Would you transcribe the entries below, beginning at the line with "Stil Sense vægmonteret" and ending after the line with "Гладиолусы начинают цвести", exactly, with no picture and nothing more?

======== Raw data ========

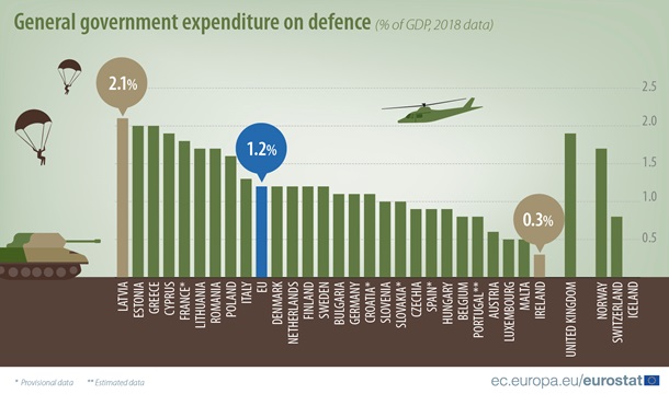 По данным Евростата, больше всех в ЕС такие траты у Латвии. При среднем показателе по ЕС в 1,2% от ВВП Латвия потратила 2,1% своего бюджета на оборонные расходы.
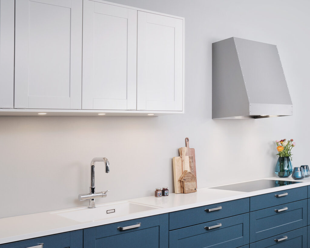 Stil Sense vægmonteret køkkenemhætte leveres som standard i 60 cm bredde, men den kan også tilpasses op til 200 cm!
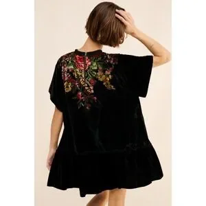 Black velvet mini dress adorned with a vibrant floral embroidery across the yoke and back. This piece features short sleeves, a flattering tiered ruffle hem, and a relaxed silhouette for comfortable wear. Perfect for a night out or a festive gathering.
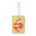 Whether you’re headed to work, picking up the kids, or taking time for yourself, this beautifully designed air freshener brings a message of peace into every mile. It’s a quiet comfort that hangs from your rearview mirror, reminding you that love is the strongest force on the road and in life.
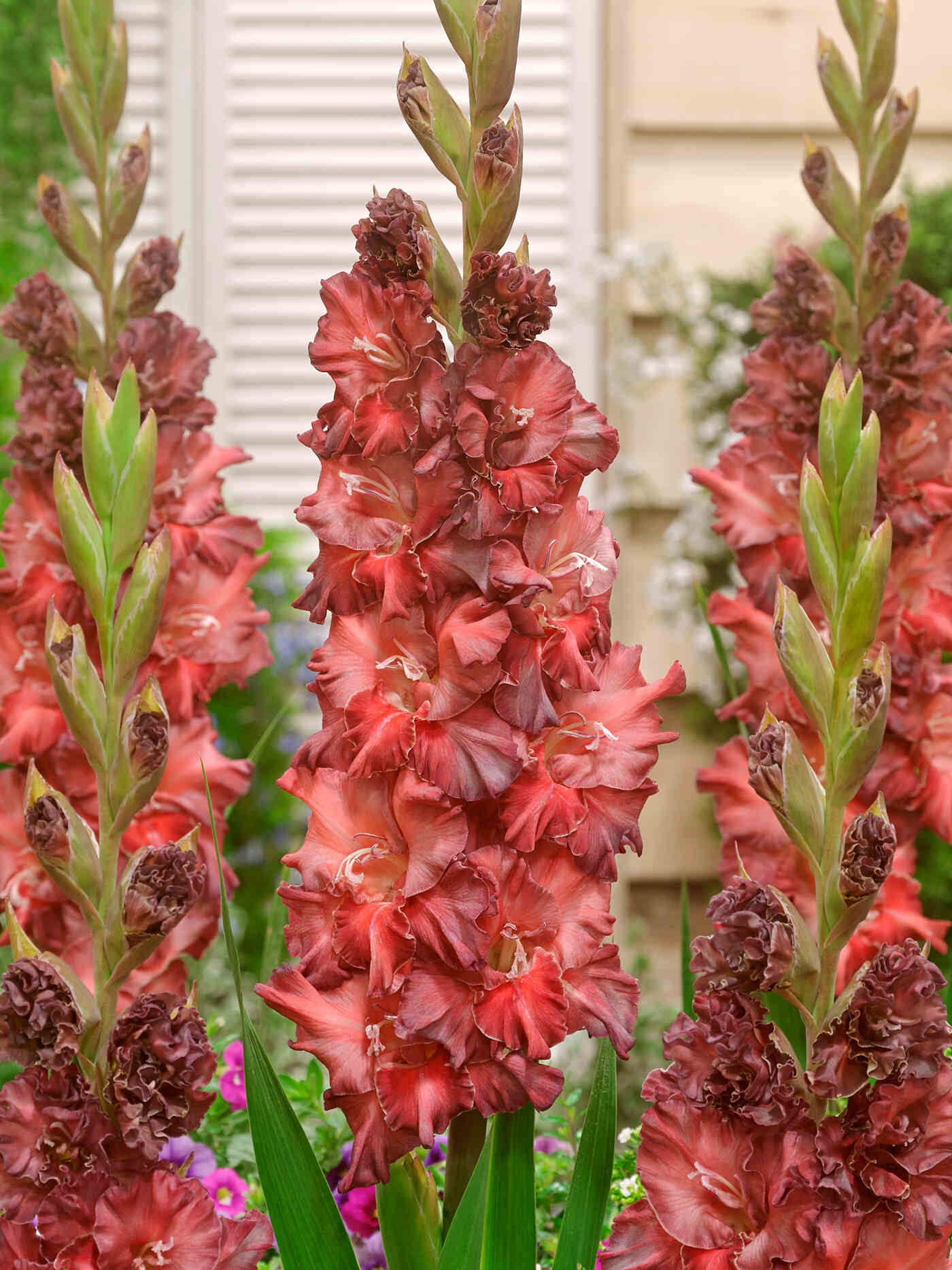 Гладиолусы начинают цвести уже «под занавес», во второй половине лета и, как будто извиняясь за задержку, приносят в дар великолепную гармонию красок, оттенков и причудливых, изысканных форм.
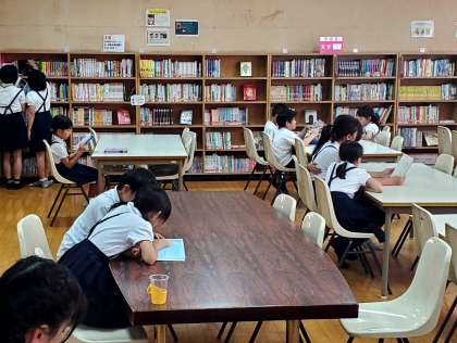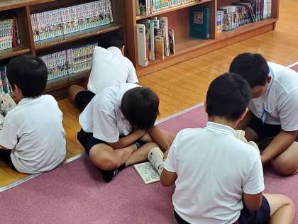 今日のお昼休み、図書館を開放していたので覗いてみると。たくさんの子どもたちが静かに本を読んでいました。まだまだ昼間は暑いので、こうして涼しい場所で過ごすのもいいですよね。
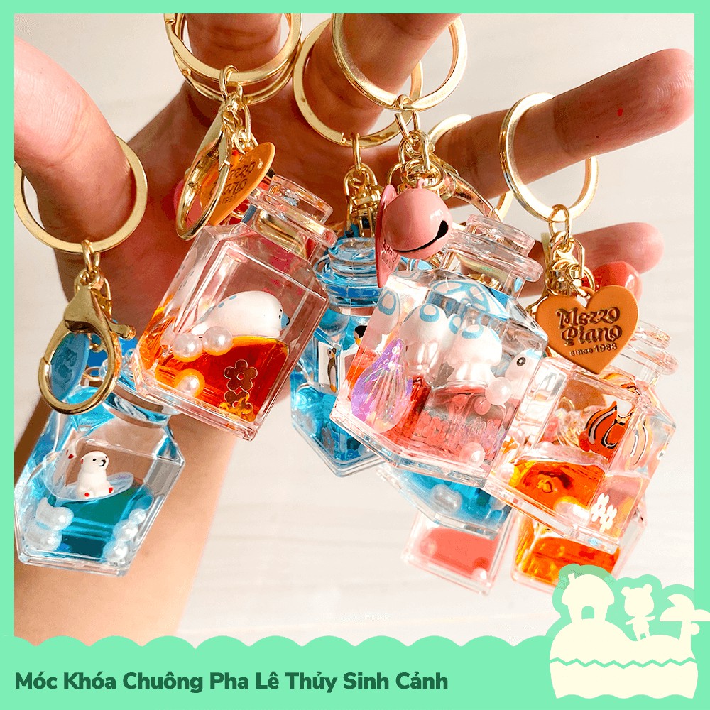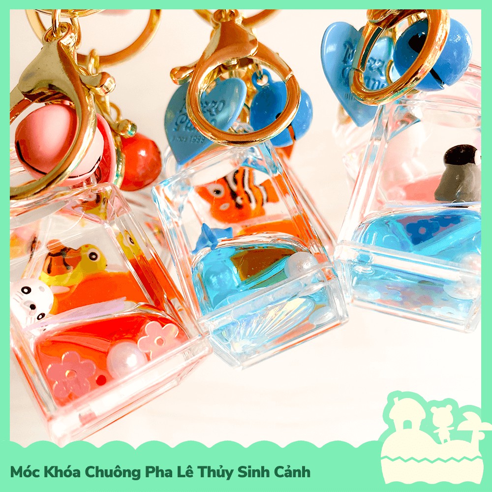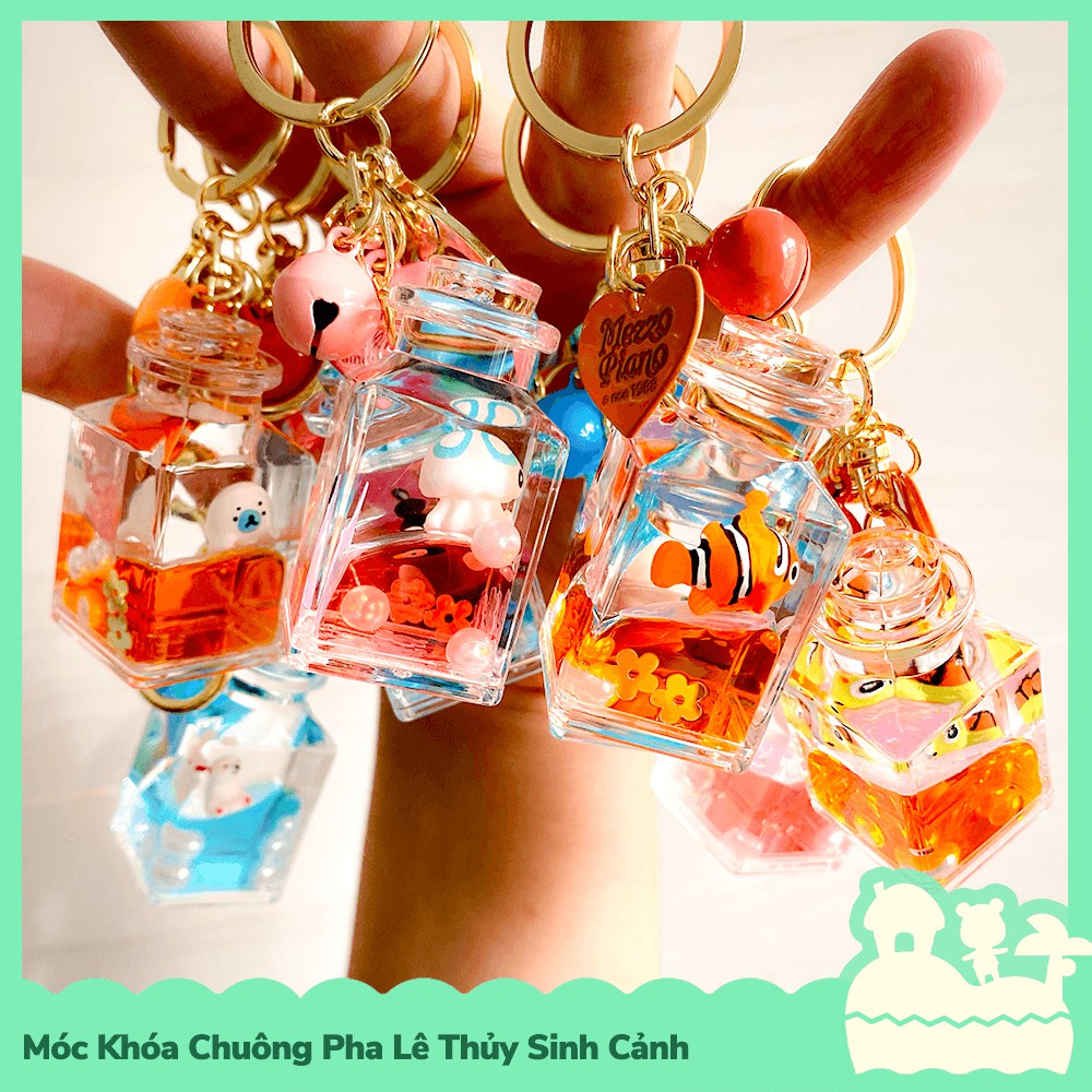 [Sẵn VN] Móc Khóa Chuông Thủy Tinh Pha Lê Lọ Thủy Sinh Cảnh Đa Sắc Gấu, Hải Cẩu, Rùa, Sứa, Nemo, Shark, Chim Cánh Cụt
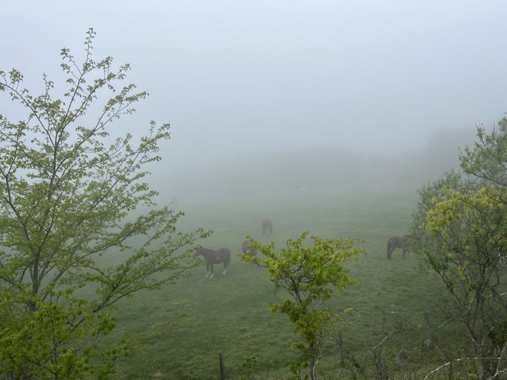 今年もまた 2023.6.9 今年も高原に上がったばかりの馬たちに会えた。 5月下旬の高原は、霧が深く、新緑が瑞々しく、やっぱり静かだった。 静かだけど、そこには馬たちの生命の音が響き渡る。 3年前の今頃の高原も霧が深かった。 時は流れ、命は巡り、今またこの季節。 馬たちが高原で過ごす秋までの時間。 私はどんなふうに時間を過ごそうか。
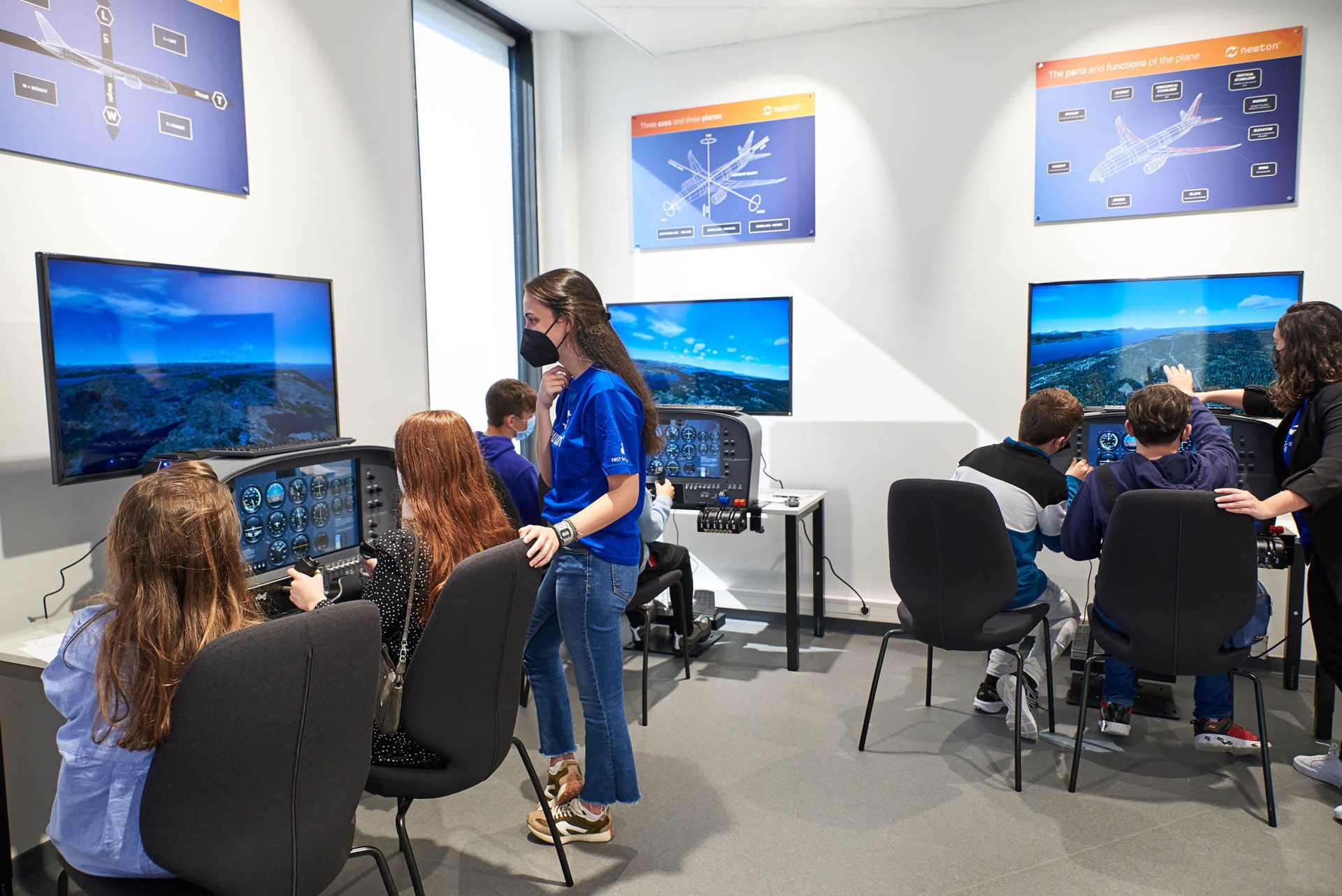 El Aula está abierta los viernes durante el curso escolar en horario de 10:00 a 14:15 horas y en ella se están desarrollando dos actividades diferentes. La primera es “Volando con números: una aventura aérea”, en la que el alumnado, ayudado por un equipo de formadores y de instructores de vuelo, recibe una misión de rescate y debe planificar y crear un plan de vuelo y cumplir su misión en simuladores avanzados; y la segunda es una actividad complementaria de iniciación al vuelo y construcción de drones.

========

**Result of the task:**
 Stil Sense vægmonteret køkkenemhætte leveres som standard i 60 cm bredde, men den kan også tilpasses op til 200 cm!
 Black velvet mini dress adorned with a vibrant floral embroidery across the yoke and back. This piece features short sleeves, a flattering tiered ruffle hem, and a relaxed silhouette for comfortable wear. Perfect for a night out or a festive gathering.
 Whether you’re headed to work, picking up the kids, or taking time for yourself, this beautifully designed air freshener brings a message of peace into every mile. It’s a quiet comfort that hangs from your rearview mirror, reminding you that love is the strongest force on the road and in life.
 Гладиолусы начинают цвести уже «под занавес», во второй половине лета и, как будто извиняясь за задержку, приносят в дар великолепную гармонию красок, оттенков и причудливых, изысканных форм.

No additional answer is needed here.